Como um filhote que explora seu quintal povoado por todos os outros animais, mas dessa vez sem poder regular-se, de olho nas reações maternas como indicadoras de perigo ou de tranqüilidade e como objeto de imitação conformística, assim o jovem analista irá fazer uma idéia própria no mercado das idéias que a psicanálise contemporânea expõe com extraordinária riqueza. As gerações precedentes nem sonhavam com o amplo leque de propostas editoriais, de seminários e de congressos que são oferecidos nos nossos dias ao analista em formação.

Ainda uma vez, uma equivalência “grupo colegial/família” esclarece com evidência desarmante os múltiplos desenvolvimentos e destinos formativos possíveis: existem alunos/filhos mantidos encerrados em casa e feitos como em forminhas. Alguns são mandados pelo mundo afora prematuramente, sem adequada proteção e dotação, parecem banidos, uma vez que pouco cuidados e abandonados a si mesmos. Outros, ainda, são “levados para fora”, num regime de atenta e cuidadosa criação, e assim por diante.

Tudo isso ocorre, nem mais nem menos, como nas famílias verdadeiras, com uma certa imprevisibilidade acerca dos êxitos dessas criações e sobre a possibilidade de cada indivíduo conseguir níveis mais ou menos satisfatórios de desenvolvimento e maturação.

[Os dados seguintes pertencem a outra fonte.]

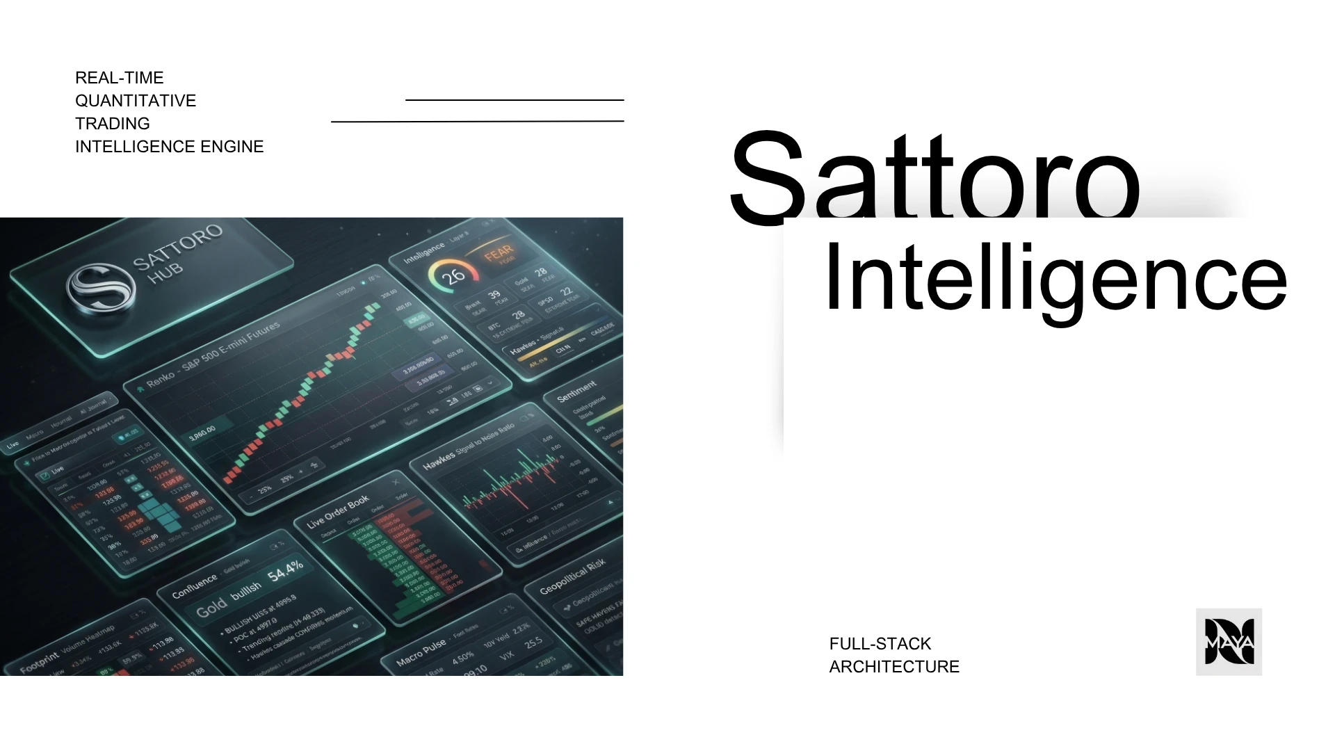 Sattoro Hub bridges the gap between institutional-grade analytics and independent traders. The platform processes live market feeds through 12 parallel analytical engines, applies cross-engine confluence scoring, and delivers interpreted market context - not signals - through a tiered SaaS model. An AI journal learns each trader's behavioral patterns and delivers personalized performance insights, while a screenshot analysis system powered by Claude API lets users get instant chart interpretation from natural conversation.

É obrigatória, aqui, a citação de um artigo que foi, num certo sentido, um marco, na dimensão educacional das nossas instituições psicanalíticas: o Trinta métodos para destruir a criatividade dos candidatos de psicanálise, de Otto Kernberg (1996), que evidenciou (de um vértice que, utilizando os códigos políticos habituais, se poderia definir sem dúvida “de esquerda”) os riscos sempre presentes nos nossos percursos formativos, próprios como nos percursos que realizamos em âmbitos familiares.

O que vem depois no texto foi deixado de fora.